I am also getting this error whenever running a workflow in 1.2.1 that has mapnodes and is using multiprocessing. It happens in about 40% of the time I run a workflow and occurs randomly. If I re-run the workflow multiple times it will eventually succeed. So it's not specific to fmriprep, I think it's nipype 1.2.1.

Edit: I'm getting this error both when using singularity 3.3.0 and docker

oesteban commented 5 years ago

@mattcieslak could you write a failing example for Nipype that we can use to debug this?

oesteban commented 5 years ago

Okay, I can see this is currently happening in fMRIPrep's master - I'll take this one.

oesteban commented 5 years ago

@jeroenvanbaar can you provide full logs from fMRIPrep?

@mattcieslak I've opened the issue referenced above for the case of MapNodes.

oesteban commented 5 years ago

It seems you can ignore this warning, as it seems not to stop the workflow:

190828-19:03:41,432 nipype.workflow WARNING:
     Error while checking node hash, forcing re-run. Although this error may not prevent the workflow from running, it could indicate a major problem.

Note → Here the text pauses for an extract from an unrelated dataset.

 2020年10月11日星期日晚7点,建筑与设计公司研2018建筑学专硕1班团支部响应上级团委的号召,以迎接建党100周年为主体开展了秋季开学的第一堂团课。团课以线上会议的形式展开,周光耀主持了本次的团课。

Please report a new issue at https://github.com/nipy/nipype/issues adding the following information:

    Node: fmriprep_wf.single_subject_001_wf.func_preproc_ses_1_task_wordReading_run_1_wf.bold_reference_wf.gen_ref
    Interface: niworkflows.interfaces.registration.EstimateReferenceImage
    Traceback:
Traceback (most recent call last):

  File "/usr/local/miniconda/lib/python3.7/site-packages/nipype/pipeline/plugins/base.py", line 337, in _local_hash_check
    cached, updated = self.procs[jobid].is_cached()

  File "/usr/local/miniconda/lib/python3.7/site-packages/nipype/pipeline/engine/nodes.py", line 297, in is_cached
    hashed_inputs, hashvalue = self._get_hashval()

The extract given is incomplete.